## What you need to do
Output only the stretch of the listing that starts at the line containing "因?yàn)殡S著造紙技術(shù)的不" and ends at the line containing "Камбюр - Фейеноорд: обзор", reproduced exactly with both ends.

## Source material
- - - - - - -

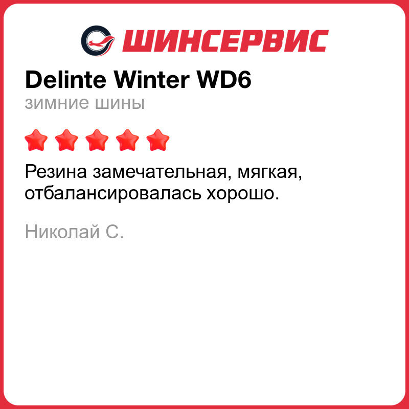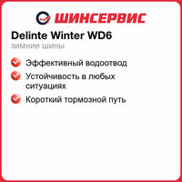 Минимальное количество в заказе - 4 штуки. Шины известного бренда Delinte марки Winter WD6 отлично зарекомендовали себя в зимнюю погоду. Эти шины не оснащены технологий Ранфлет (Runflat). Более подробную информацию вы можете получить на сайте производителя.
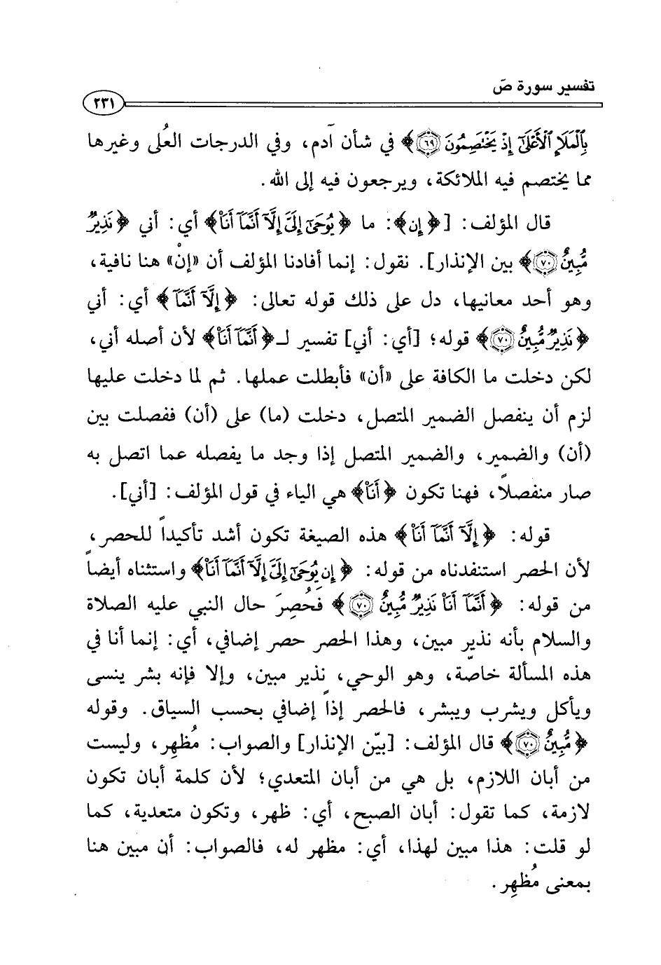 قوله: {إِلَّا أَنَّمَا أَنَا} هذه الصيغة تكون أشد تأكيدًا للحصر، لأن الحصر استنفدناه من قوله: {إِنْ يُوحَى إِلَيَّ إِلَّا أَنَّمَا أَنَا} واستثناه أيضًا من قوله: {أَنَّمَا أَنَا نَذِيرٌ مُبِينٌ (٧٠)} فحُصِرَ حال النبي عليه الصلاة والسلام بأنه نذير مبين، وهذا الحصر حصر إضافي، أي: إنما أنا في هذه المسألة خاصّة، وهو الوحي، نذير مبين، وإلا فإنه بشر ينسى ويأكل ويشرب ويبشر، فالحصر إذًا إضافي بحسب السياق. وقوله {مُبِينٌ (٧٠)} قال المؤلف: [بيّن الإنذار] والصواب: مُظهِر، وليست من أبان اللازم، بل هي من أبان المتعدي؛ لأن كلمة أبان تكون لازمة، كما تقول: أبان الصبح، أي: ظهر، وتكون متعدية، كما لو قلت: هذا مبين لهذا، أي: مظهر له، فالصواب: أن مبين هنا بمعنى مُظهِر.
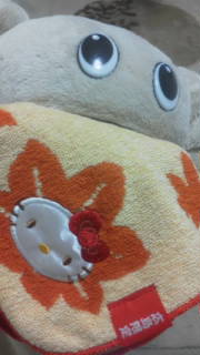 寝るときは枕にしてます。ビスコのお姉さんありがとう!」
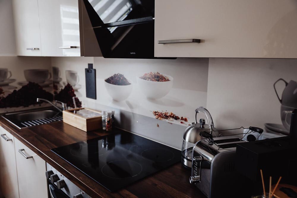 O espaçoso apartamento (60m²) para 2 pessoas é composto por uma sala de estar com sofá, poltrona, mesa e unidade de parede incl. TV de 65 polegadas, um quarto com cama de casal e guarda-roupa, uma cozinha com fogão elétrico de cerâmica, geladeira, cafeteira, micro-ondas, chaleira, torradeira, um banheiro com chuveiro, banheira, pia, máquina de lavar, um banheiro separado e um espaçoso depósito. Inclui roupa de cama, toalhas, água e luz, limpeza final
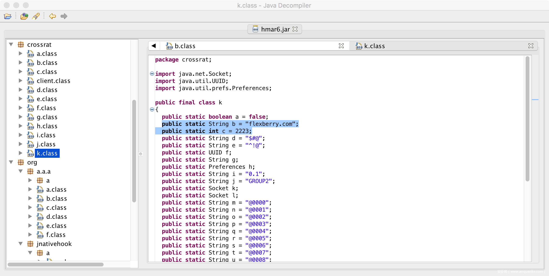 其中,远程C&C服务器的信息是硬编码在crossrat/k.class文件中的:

- - - - - - -

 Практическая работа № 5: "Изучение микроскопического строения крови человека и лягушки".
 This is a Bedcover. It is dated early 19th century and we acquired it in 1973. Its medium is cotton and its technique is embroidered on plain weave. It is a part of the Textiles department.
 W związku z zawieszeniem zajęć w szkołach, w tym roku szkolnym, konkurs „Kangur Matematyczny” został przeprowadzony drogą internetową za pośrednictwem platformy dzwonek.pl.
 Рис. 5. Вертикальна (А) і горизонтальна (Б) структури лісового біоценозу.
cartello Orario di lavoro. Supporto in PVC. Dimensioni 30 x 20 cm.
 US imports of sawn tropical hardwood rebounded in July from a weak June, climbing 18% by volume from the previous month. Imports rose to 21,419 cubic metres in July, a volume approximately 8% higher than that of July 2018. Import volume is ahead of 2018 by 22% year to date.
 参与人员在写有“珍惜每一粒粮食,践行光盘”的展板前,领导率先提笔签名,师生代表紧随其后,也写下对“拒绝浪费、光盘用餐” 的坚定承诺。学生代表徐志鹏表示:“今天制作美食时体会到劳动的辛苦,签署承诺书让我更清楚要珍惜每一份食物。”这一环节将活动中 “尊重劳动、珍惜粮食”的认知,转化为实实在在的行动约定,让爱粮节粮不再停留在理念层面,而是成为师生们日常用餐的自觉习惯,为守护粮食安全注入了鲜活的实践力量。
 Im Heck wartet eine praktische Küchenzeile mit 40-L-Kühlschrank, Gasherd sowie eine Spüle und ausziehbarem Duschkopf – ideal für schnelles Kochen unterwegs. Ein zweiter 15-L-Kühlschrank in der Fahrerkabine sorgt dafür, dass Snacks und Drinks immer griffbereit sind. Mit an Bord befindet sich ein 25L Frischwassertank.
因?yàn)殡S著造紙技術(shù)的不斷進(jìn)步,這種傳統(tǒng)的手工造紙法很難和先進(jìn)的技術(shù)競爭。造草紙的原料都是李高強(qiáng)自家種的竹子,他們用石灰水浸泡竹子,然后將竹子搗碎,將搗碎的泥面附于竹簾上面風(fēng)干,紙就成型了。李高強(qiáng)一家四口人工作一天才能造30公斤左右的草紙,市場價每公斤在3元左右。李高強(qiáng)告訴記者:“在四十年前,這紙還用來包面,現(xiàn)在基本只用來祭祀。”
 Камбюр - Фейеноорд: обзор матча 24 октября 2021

- - - - - - -

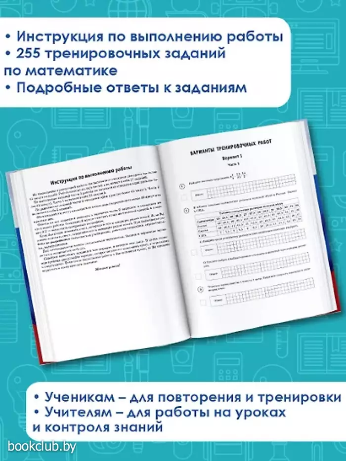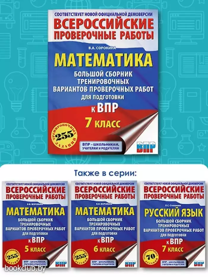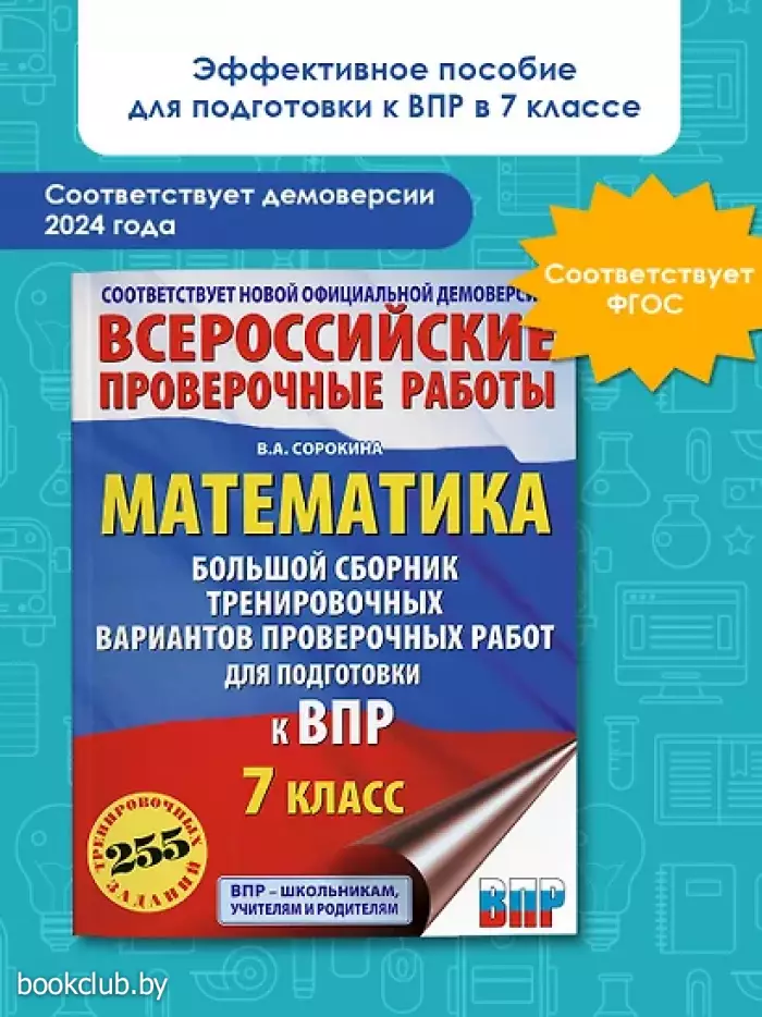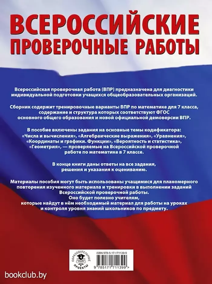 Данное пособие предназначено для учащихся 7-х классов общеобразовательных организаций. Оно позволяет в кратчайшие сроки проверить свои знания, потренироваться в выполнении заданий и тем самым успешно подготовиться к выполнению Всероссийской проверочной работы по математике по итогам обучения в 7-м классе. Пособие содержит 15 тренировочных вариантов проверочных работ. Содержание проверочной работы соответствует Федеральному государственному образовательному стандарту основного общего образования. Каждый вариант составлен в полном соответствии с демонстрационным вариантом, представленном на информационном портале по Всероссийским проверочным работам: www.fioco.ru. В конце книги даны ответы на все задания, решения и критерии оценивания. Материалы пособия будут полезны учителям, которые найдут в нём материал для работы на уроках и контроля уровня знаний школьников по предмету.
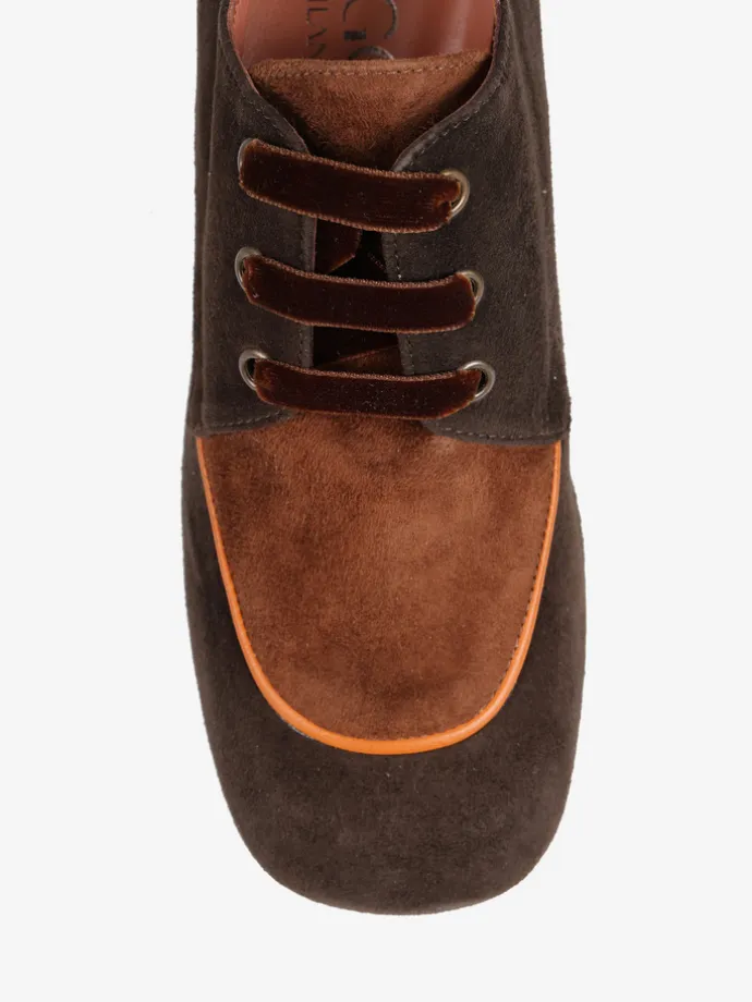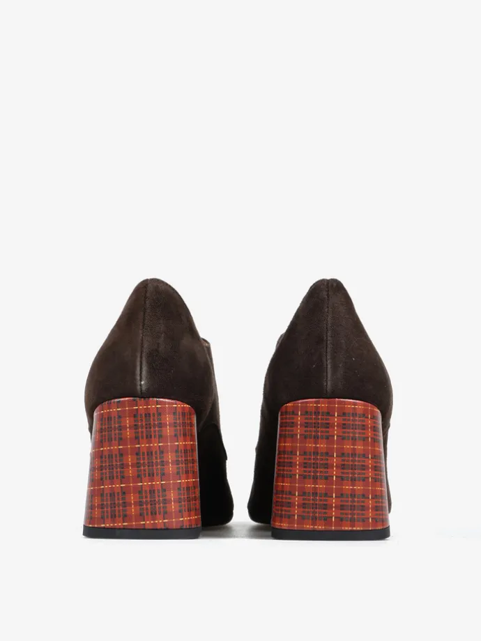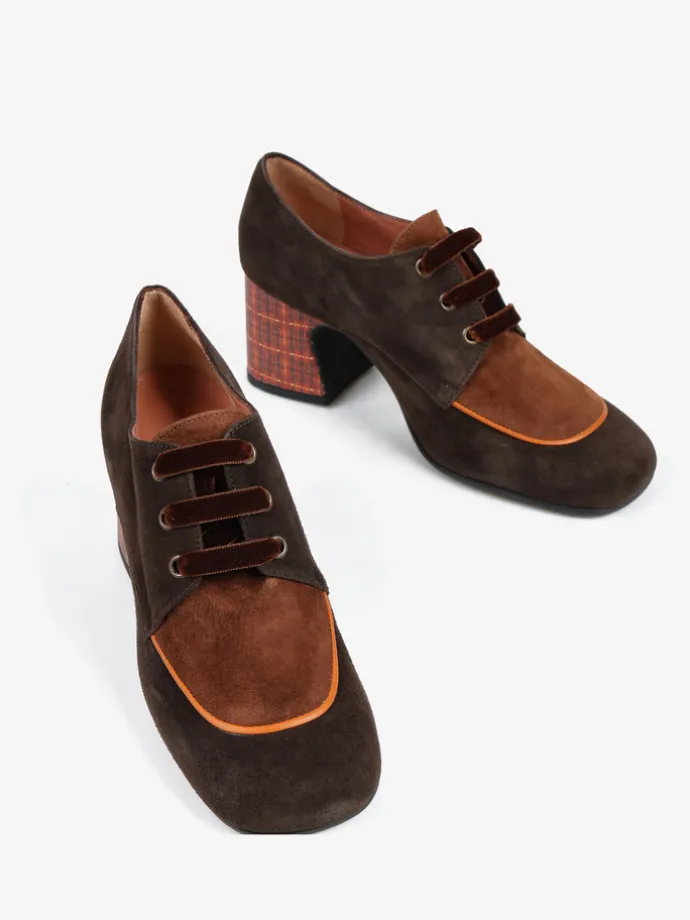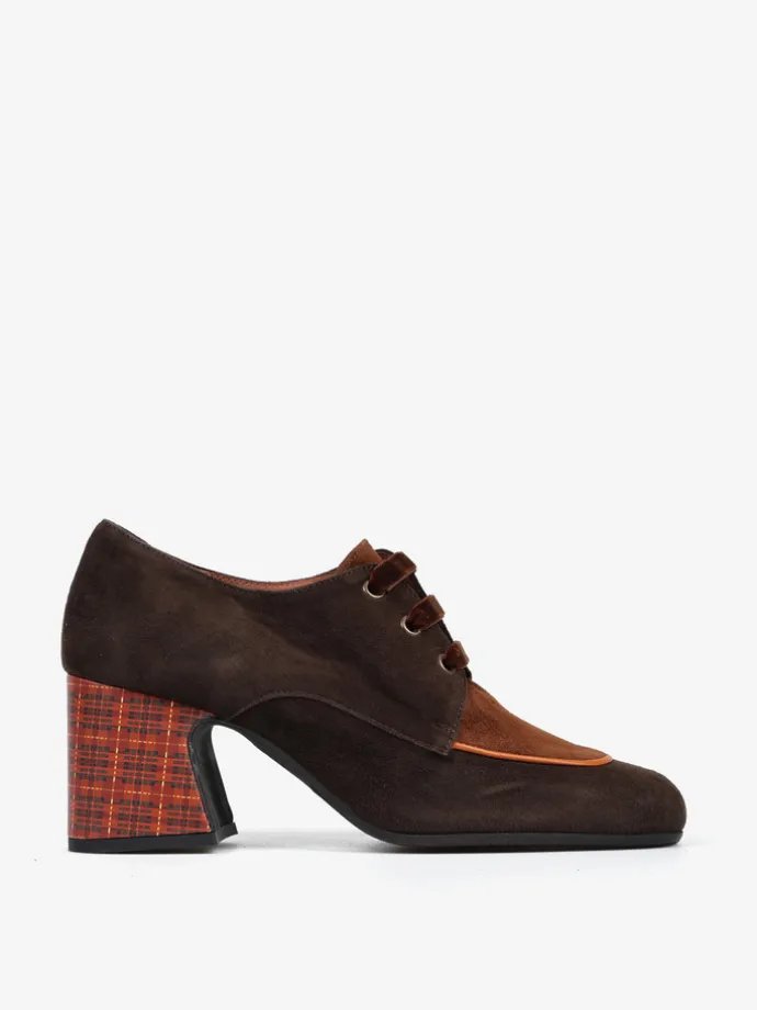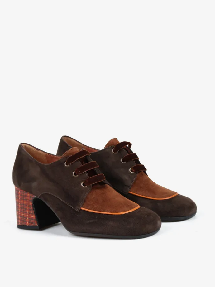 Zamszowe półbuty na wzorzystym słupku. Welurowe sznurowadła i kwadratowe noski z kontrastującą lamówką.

- - - - - - -

## Answer area
因?yàn)殡S著造紙技術(shù)的不斷進(jìn)步,這種傳統(tǒng)的手工造紙法很難和先進(jìn)的技術(shù)競爭。造草紙的原料都是李高強(qiáng)自家種的竹子,他們用石灰水浸泡竹子,然后將竹子搗碎,將搗碎的泥面附于竹簾上面風(fēng)干,紙就成型了。李高強(qiáng)一家四口人工作一天才能造30公斤左右的草紙,市場價每公斤在3元左右。李高強(qiáng)告訴記者:“在四十年前,這紙還用來包面,現(xiàn)在基本只用來祭祀。”
 Камбюр - Фейеноорд: обзор матча 24 октября 2021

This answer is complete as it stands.